The two values differ because Total Sales uses the active relationship on OrderDateKey while Sales by Ship Date uses USERELATIONSHIP to activate the inactive relationship on ShipDateKey.

Since ship dates are 14–60 days after order dates, orders near year boundaries can fall into different years depending on which date is used. When the slicer covers the full range (2022–2024), the values are closer because most rows are included regardless of which date key is filtered.

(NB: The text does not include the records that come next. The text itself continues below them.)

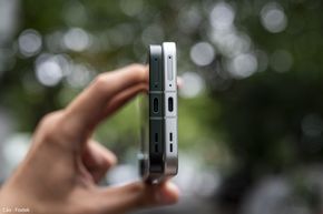 Cạnh đáy của thiết bị có khay SIM, mic thu âm, cổng sạc USB-C, loa ngoài và hai dải anten.
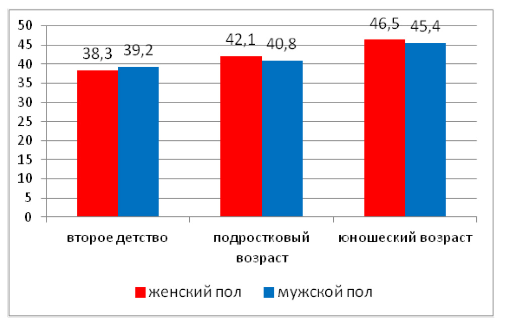Отдельно вычисляли долю роговичного астигматизма, у девочек 8–11 лет она составила 38,3 %, у мальчиков 8–12 лет – 39,2 %, показатель роговичного астигматизма повышается в подростковом возрасте незначительно (р > 0,05) и достигает максимальных значений у девушек (46,5 %) и у юношей (45,5 %) (р < 0,05).
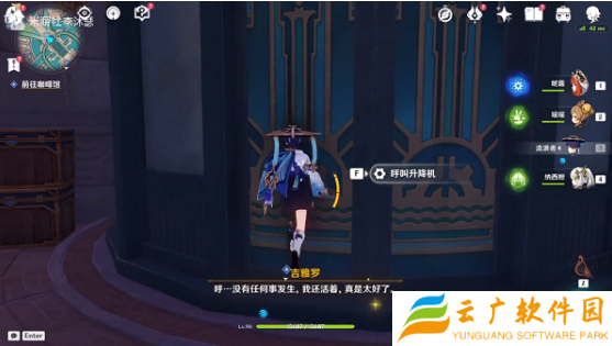 3、看完剧情之后到达一个升降机的门口,需要先完成对话,然后乘坐这个升降机到一层;
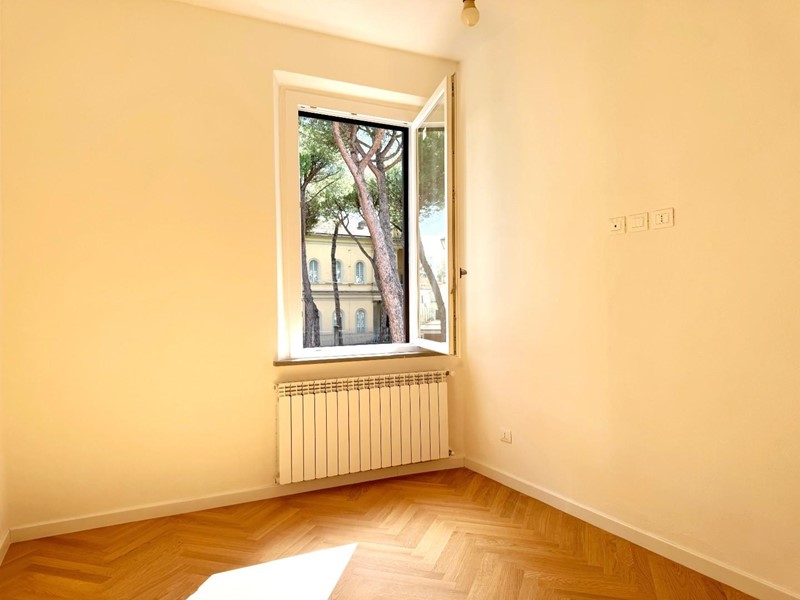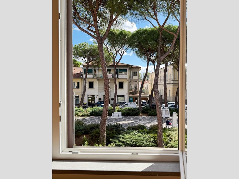 Cuore della casa è sicuramente la grande zona giorno la cui zona living affaccia su piazza dei pini e la cucina sul giardino nella corte interna, questa doppia esposizione oltre a dare una gradevole vista rende l'ambiente veramente luminoso.
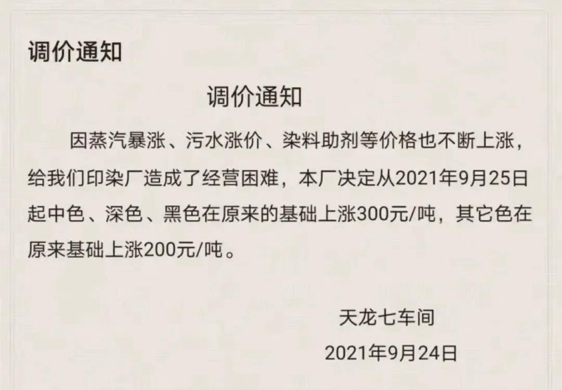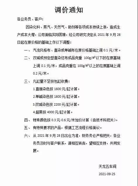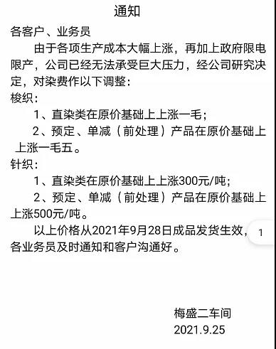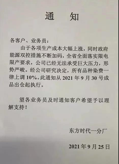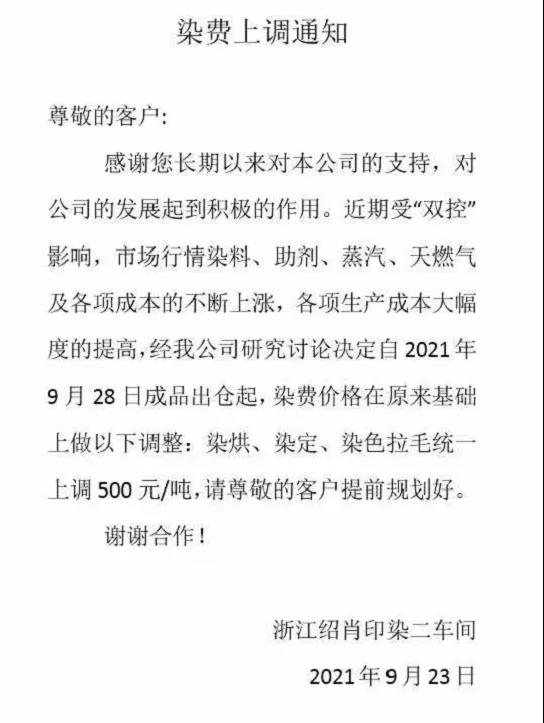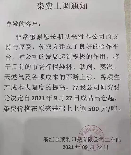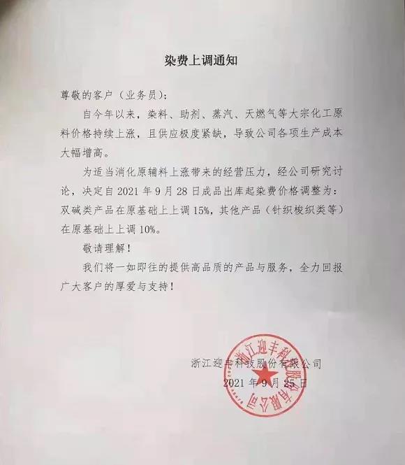 9 月 25日,浙江迎豐科技股份有限公司發(fā)布《染費(fèi)上調(diào)通知》,決定自 9月 28日成品出庫染費(fèi)價(jià)格進(jìn)行調(diào)整。具體為:雙堿類產(chǎn)品上調(diào)15%,針織梭織類上調(diào)10%。

Screenshot of the report page as designed to show the calculation group and active and inactive relationships being used.

Try it with Copilot (optional)

Copilot works best with well-structured semantic models. In this section, you test whether Copilot can answer questions accurately against the star schema you built.

If your workspace supports Copilot, try asking it questions about the model data.

  1. In the report, select the Copilot button in the ribbon (if available).

  2. Ask Copilot: "What was the total sales for each product category last year?"

  3. Observe whether Copilot returns an accurate answer. The star schema you built, with a single fact table, clear many-to-one relationships, and explicit DAX measures, gives Copilot a straightforward path to resolve the question. Models with ambiguous relationships or missing measures are harder for Copilot to interpret correctly.

Clean up resources

In this exercise, you created a semantic model with Direct Lake storage mode, star schema relationships, calculation groups, and scale settings.

  1. Close the report without saving, or delete it if you saved it.
  2. Navigate to your workspace.
  3. Select the … menu next to Sales Model and SalesLakehouse, and select Delete to remove them from your workspace.